• **Exercise goal**: Where the listing below has a line with "These notes contain", write out exactly that line and every line after it, stopping after the line with "Bo Nix 2024".

• **Information shown**:

##########

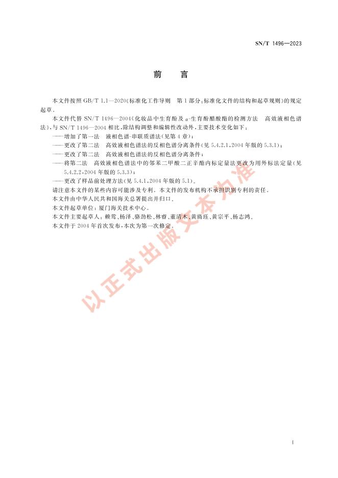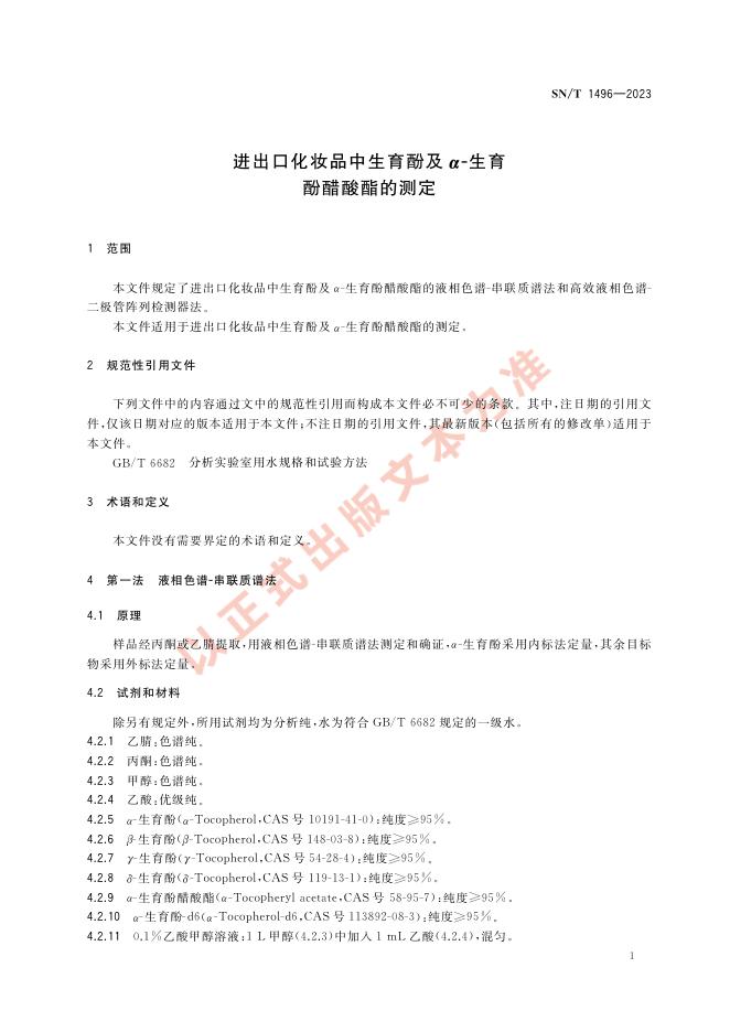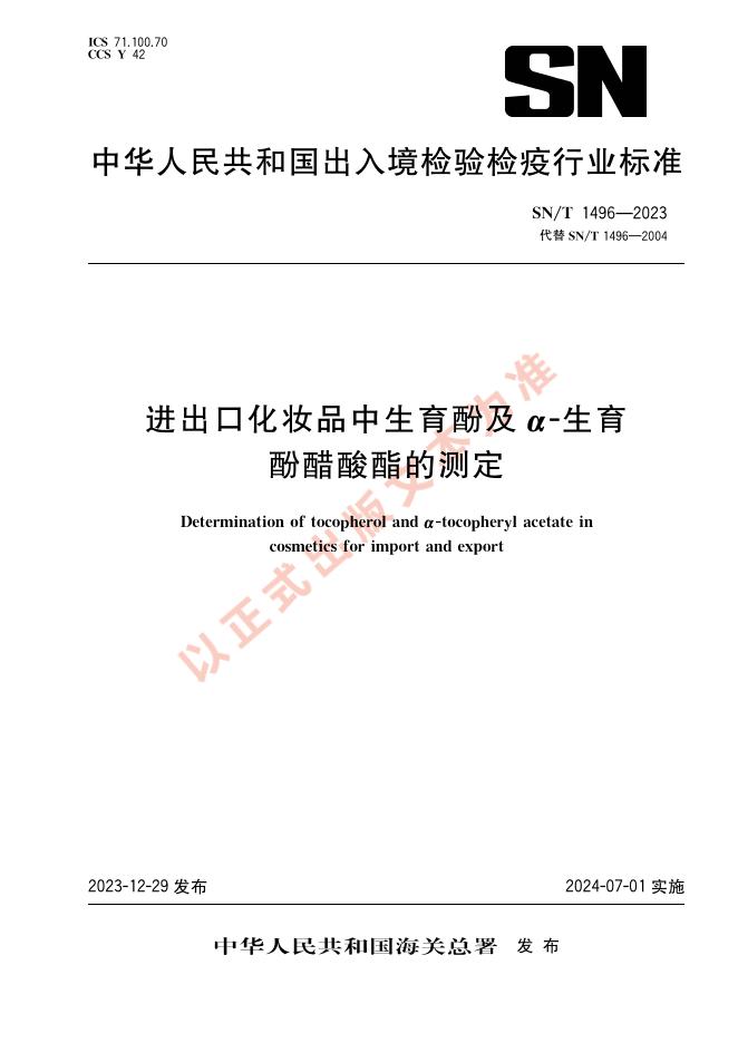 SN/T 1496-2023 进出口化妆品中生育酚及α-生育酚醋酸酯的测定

##########

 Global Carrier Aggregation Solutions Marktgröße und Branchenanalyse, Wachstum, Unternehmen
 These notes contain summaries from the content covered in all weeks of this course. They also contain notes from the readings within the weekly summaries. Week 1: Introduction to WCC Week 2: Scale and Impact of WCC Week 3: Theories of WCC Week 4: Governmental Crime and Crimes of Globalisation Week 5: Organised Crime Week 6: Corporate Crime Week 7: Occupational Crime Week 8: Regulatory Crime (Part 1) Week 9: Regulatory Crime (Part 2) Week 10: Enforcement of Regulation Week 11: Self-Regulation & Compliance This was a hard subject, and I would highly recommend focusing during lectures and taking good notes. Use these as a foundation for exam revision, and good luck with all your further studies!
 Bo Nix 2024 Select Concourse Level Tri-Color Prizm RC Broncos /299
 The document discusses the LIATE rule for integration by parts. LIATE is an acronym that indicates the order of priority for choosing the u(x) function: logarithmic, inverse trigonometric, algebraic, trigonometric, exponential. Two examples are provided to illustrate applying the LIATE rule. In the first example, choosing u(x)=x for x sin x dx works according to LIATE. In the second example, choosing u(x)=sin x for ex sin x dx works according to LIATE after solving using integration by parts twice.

##########

• **Result of this exercise**:
 These notes contain summaries from the content covered in all weeks of this course. They also contain notes from the readings within the weekly summaries. Week 1: Introduction to WCC Week 2: Scale and Impact of WCC Week 3: Theories of WCC Week 4: Governmental Crime and Crimes of Globalisation Week 5: Organised Crime Week 6: Corporate Crime Week 7: Occupational Crime Week 8: Regulatory Crime (Part 1) Week 9: Regulatory Crime (Part 2) Week 10: Enforcement of Regulation Week 11: Self-Regulation & Compliance This was a hard subject, and I would highly recommend focusing during lectures and taking good notes. Use these as a foundation for exam revision, and good luck with all your further studies!
 Bo Nix 2024 Select Concourse Level Tri-Color Prizm RC Broncos /299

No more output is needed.